When a sheet of ice falls off of a glacier, you first hear the high-frequency cracking as the ice breaks free, and then a moment later, you hear the low-frequency rumbling as it crashes into the sea (and hopefully not onto the ship). This is a linear progression- first one sound, then another. There is never a point when the two sounds coincide. The low-frequency sounds are never simultaneous with the high-frequency sounds.
Well, this is identical to speech (in quiet). We hear the lower-frequency sonorants (vowels, nasals, and liquids), and then in a different time period (a moment later) we hear the higher-frequency obstruents (affricates, fricatives, and stop consonants).

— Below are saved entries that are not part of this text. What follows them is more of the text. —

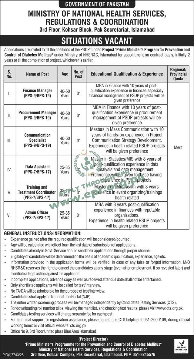 Govt. Dept : Ministry of National Health Services Regulations & Coordination
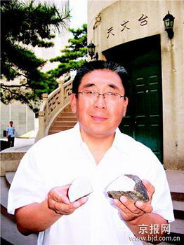 一塊46億歲的隕石穿破時空,砸在了宋老漢面前兩米遠的地上,并因此創(chuàng)下了一個紀錄。昨天,北京天文館隕石專家張寶林將這件珍貴的隕石從玻璃器皿中小心翼翼地取出來,輕輕地放在記者面前,“這是迄今為止國內(nèi)降落地點與人相距最近的一塊隕石標(biāo)本,6月18日被成功收集到北京天文館,距其降落著地僅22天!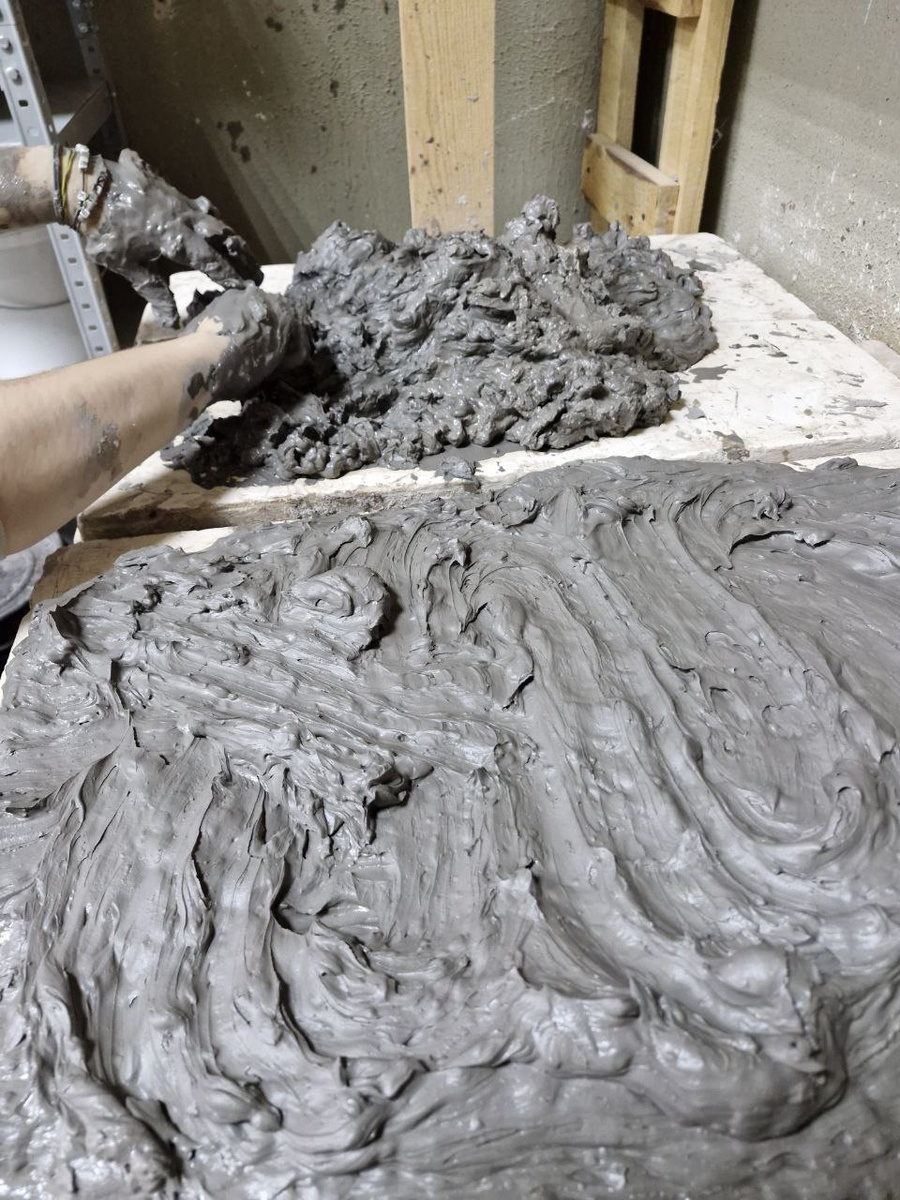 Подготовка глины не так сложна, как кажется. Нужно лишь вычерпать нужное количество шликера из бочки, оставить его на гипсовых плитах на час и затем тщательно вымешать, чтобы добиться нужной консистенции. Долгое время вымешивания позволит избежать лишних походов в спортзал.

The auditory input of hearing a glacier calve is similar to that of conversational speech.
When it comes to music, this is characterized by simultaneous occurrence of sound, much like speech in noise. In music, this is called harmony.

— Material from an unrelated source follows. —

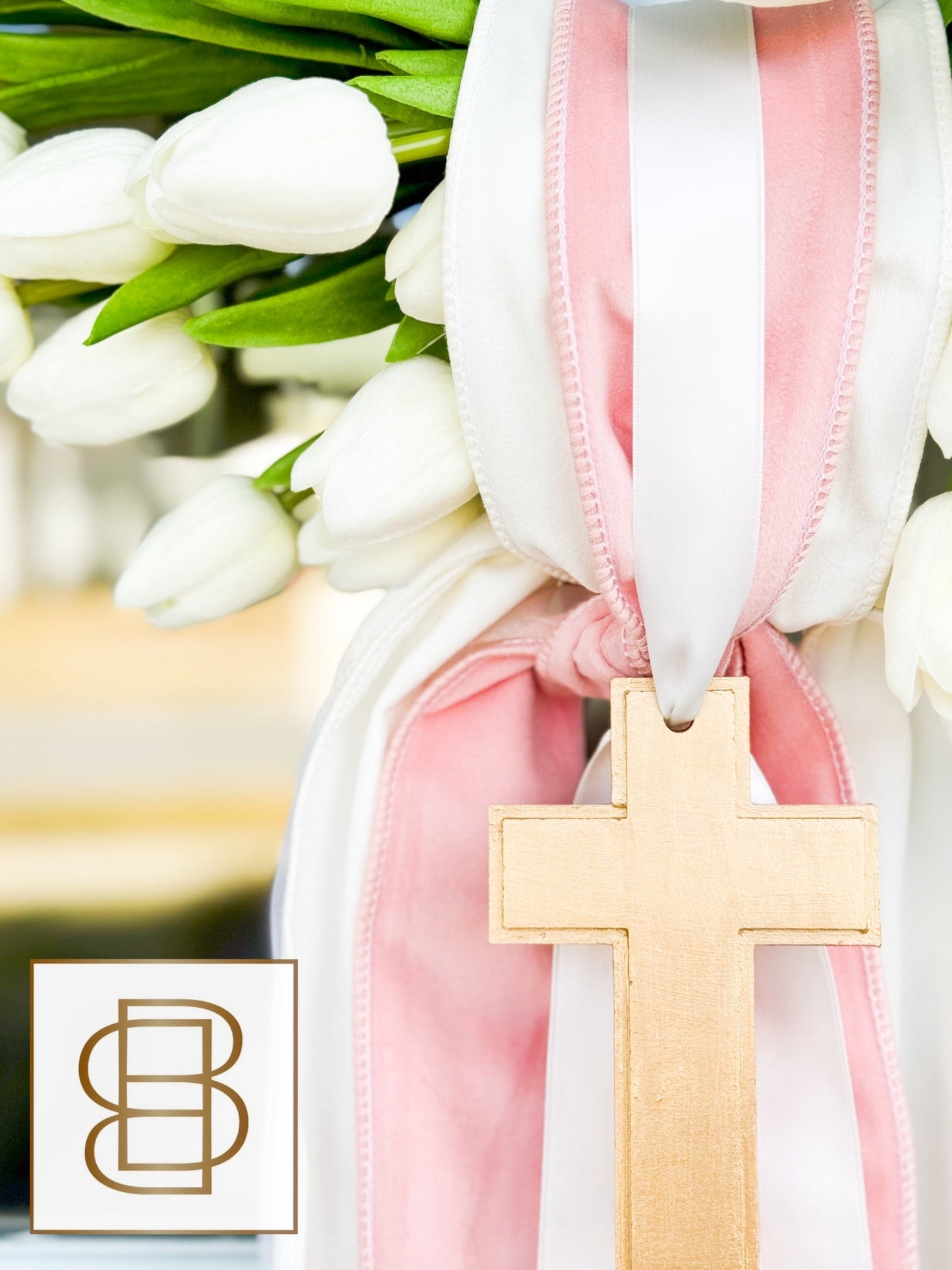 The Grace Layered Ribbon Sash With Hand Crafted Gold Cross Ornament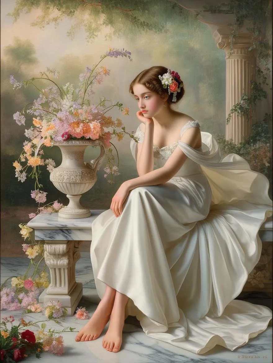 Generate classical oil paintings with Pre-Raphaelite influence using AI. Craft romantic pastoral scenes featuring Greek-inspired settings, muted palettes, and 19th-century aesthetics. Ideal for evocative, highly detailed AI-generated art with masterful brushwork, delicate details, and soft natural lighting.

Now let’s combine glaciers and in-ear monitors for musicians. Although there is no definite research on this issue, in-ear monitor manufacturers market their devices based on the number of receivers. A single receiver device (like most hearing aids) sells for less than one with more receivers. There is an underlying assumption that more is better (or at least more expensive) than fewer. This doesn’t seem to be the case with hearing aids, however.
It is assumed that a multi-receiver device (such as most modern in-ear monitors for musicians) can route the transduction of high-frequency music energy through a different mechanism from the low-frequency transduction of music energy. After all, a receiver whose diaphragm is waggling quickly for high-frequency sounds, can’t be as efficient as if it were waggling slowly for the lower-frequency sounds. This seems to be the intuitively obvious reason for going with more receivers. It is especially obvious for music where low-frequency bass notes occur simultaneously with the higher-frequency treble and harmonic notes.

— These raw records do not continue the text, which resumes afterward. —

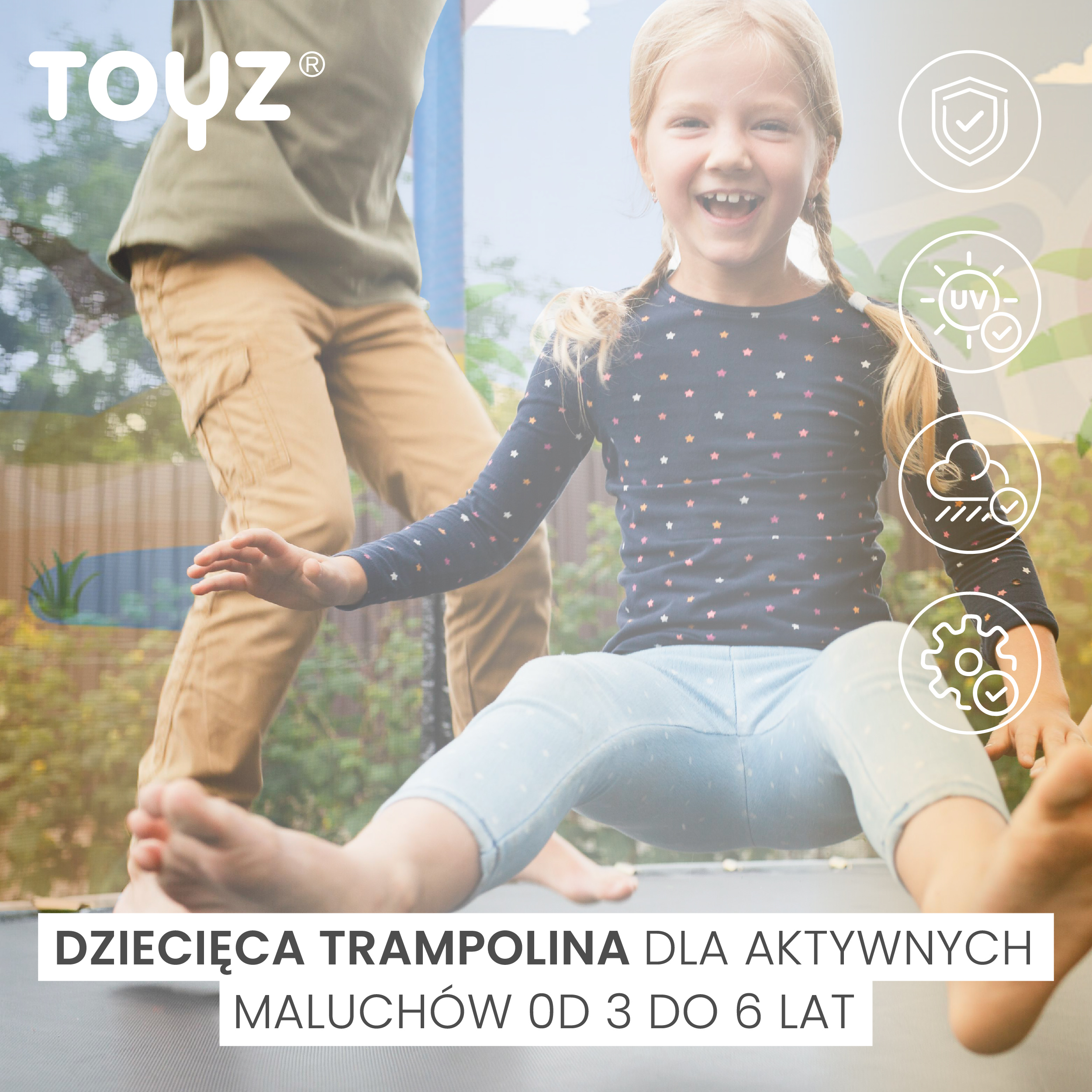 Nasza dziecięca trampolina marki TOYZ to doskonały wybór dla maluchów pełnych energii i gotowych na niezapomniane przygody. Ten solidnie wykonany sprzęt zapewnia godziny bezpiecznej i ekscytującej zabawy zarówno w domu, jak i na świeżym powietrzu. Kolorowe, tematycznie zaprojektowane wzory na siatce przeniosą Twoje dziecko w świat pełen przygód i fantazji.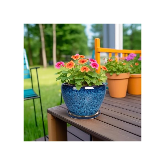 Drainage Hole and Saucer:There is a drainage hole at the bottom of the flower pot, which can discharge excess water and benefit the growth of plants; the lightweight ceramic saucer can not only keep your desktop clean, but also convenient your movement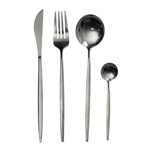 Набір столових приборів включає 24 предмети, призначених для сервірування шести персон. У комплект входять по шість стандартних столових ложок, чайних ложок, виделок і ножів, що забезпечує повне оснащення столу для сімейної вечері або святкового заходу. Усі вироби виготовлені з високоякісної нержавіючої сталі з дзеркальною поверхнею, що гарантує довговічність і практичність у використанні.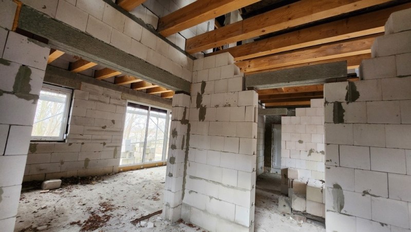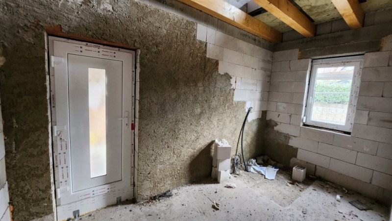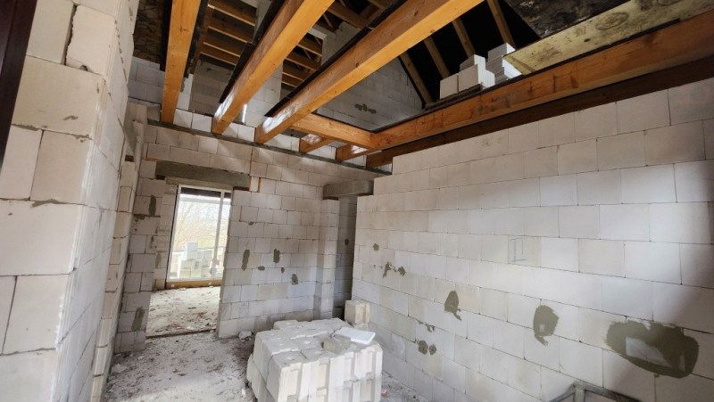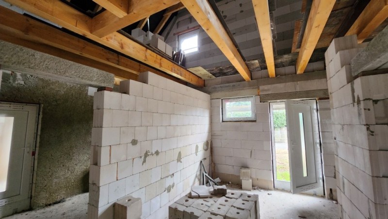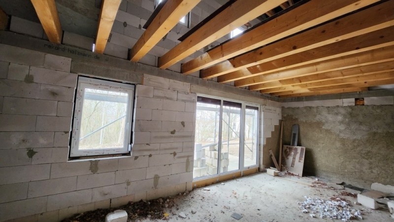 Das Objekt wird als Ausbauhaus im fortgeschrittenen Rohbauzustand verkauft. Dach, Fenster sowie die Holzbalkendecke sind bereits vorhanden und bilden eine solide Grundlage für die individuelle Fertigstellung nach eigenen Vorstellungen.

Having said this, I have been unable to locate any research that demonstrates that this assumption is valid. If indeed there is some validity to this assumption, then the effect would be greater for music than for speech. Speech in quiet, never has low- and high-frequency components simultaneously, yet music does.
This is an experiment that needs doing. Not only would it provide support (if the assumption is true) that more is better than fewer (at least for music), but there may be some data supporting the contention that even for hearing aids (especially for speech in noise) more than one receiver may be the way to go. Or perhaps not, if indeed, more is not shown to be better than fewer.
Just a thought and a possible future experiment to be done. What a neat thing to do for a Capstone project!